В комнате установился приятный полумрак. Окно было занавешено поверх белых тюлевых штор черным шелковым платком с бахромой, женщина отогнула уголок.
— Дитё спит, — зашептала она снова, — вот и пришлось завесить.
В комнате стояла кровать, точнее, не кровать, а нечто вроде раскладушки, на ней спал Шати. Спал он крепким сном здорового ребенка: лежа на животе и раскинув руки. Даже в полутьме на обеих руках отчетливо виднелись красные пятна.
— Лихорадки у него нет, — этим дилетантским замечанием я попытался успокоить женщину, раз уж мне не удалось привести с собой доктора.
Однако Мари вовсе не нуждалась в утешении. Она перебила меня, подавив смешок:
— Лихорадка? С чего бы ей взяться у бедняжки? Хворости-то у него никакой нету, жара извела бедняжку, вот я его и уложила.
— Слава богу. А я было подумал, у него снова ветрянка.
— Нету и не было вовсе, это все старый доктор; дурит.
— Ах, вот оно что? А сыпь откуда?
— Я у Шатики-то все спытала. Как встренет где ребенка, висельник старый, так и посечет его крапивой, а потом дает ему картофельного сахару, чтоб он не ревел; час пройдет — а доктор тут как тут — пришел ребенка смотреть.
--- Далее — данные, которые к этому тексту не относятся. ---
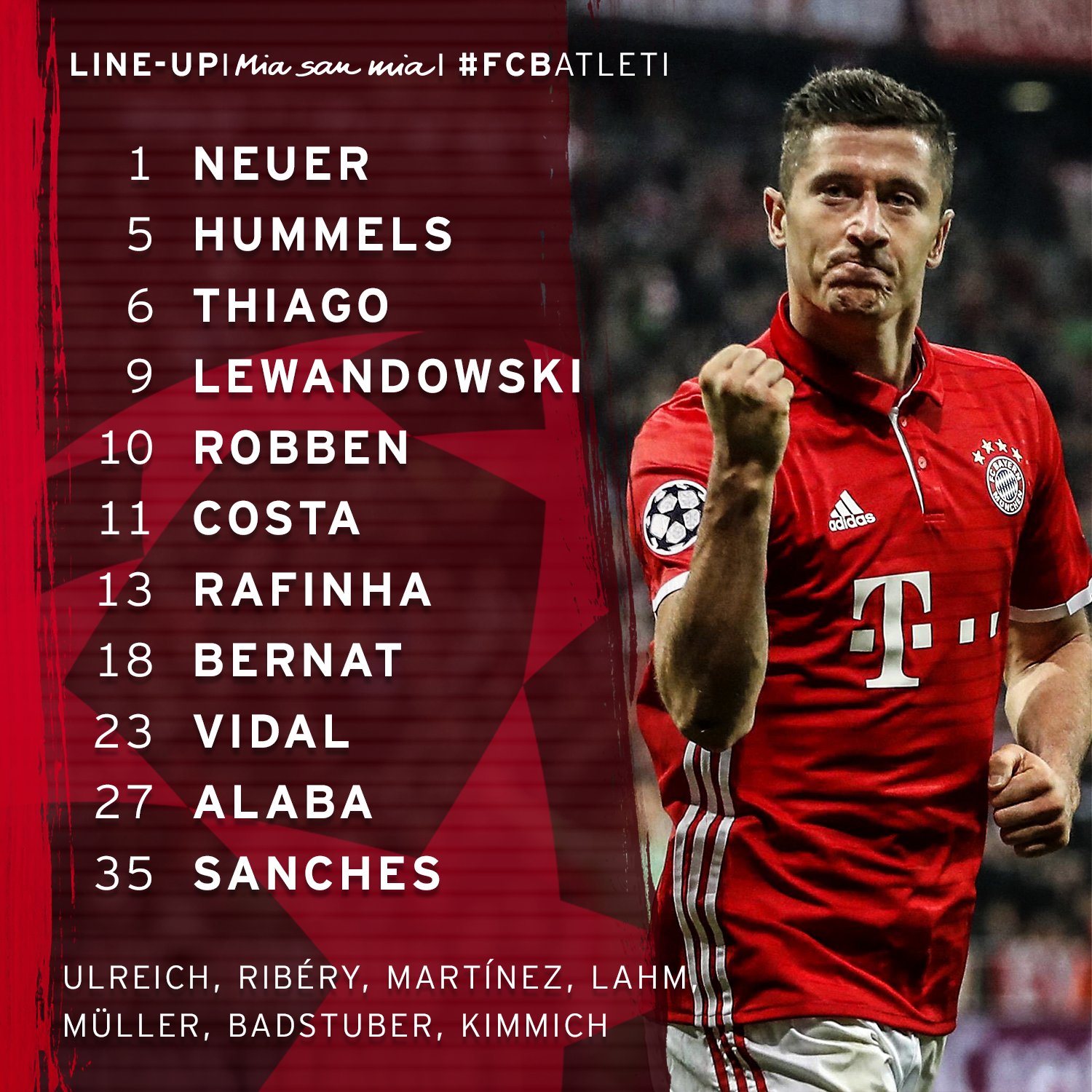 Neuer – Hummels, Thiago, Lewandowski, Robben, Costa, Rafinha, Bernat, Vidal, Alaba, Sanches

История нравов знает много способов ухаживания, но о таком я в жизни не слыхивал. Хороша же, должно быть, учебная программа на киргизском медицинском факультете!
— И что, нынче господин доктор уже заходил? — рассмеялся я.
— А то как же! А вот больше, знать, не придет! — молодайка расхохоталась вслед за мною. — (Разумеется, при этом ей пришлось уткнуться мне в плечо, чтобы не разбудить ребенка.) — Намедни я его за палец укусила, а нынче образумила каблучком.
Ей-богу, только тут я взглянул на ножки Мари. Башмачки ее являли собой чудо искусства из красного сафьяна с золотой вышивкой — наверняка подарок художника; за нынешние деньги башмачники таких не делают. И вообще молодайка была разодета в пух и прах, причем отнюдь не по-церковному. Юбка на ней шуршала, ворот блузки безрукавки был украшен алой лентой, на статной белой шее красовалось коралловое ожерелье. Руки прямо-таки пылали огнем, но сама она показалась мне холодной, как мрамор, когда, прижавшись ко мне, прошептала в самое ухо:
— Зубы у него желтые-прежелтые. А изо рта медовым чесноком так и несет.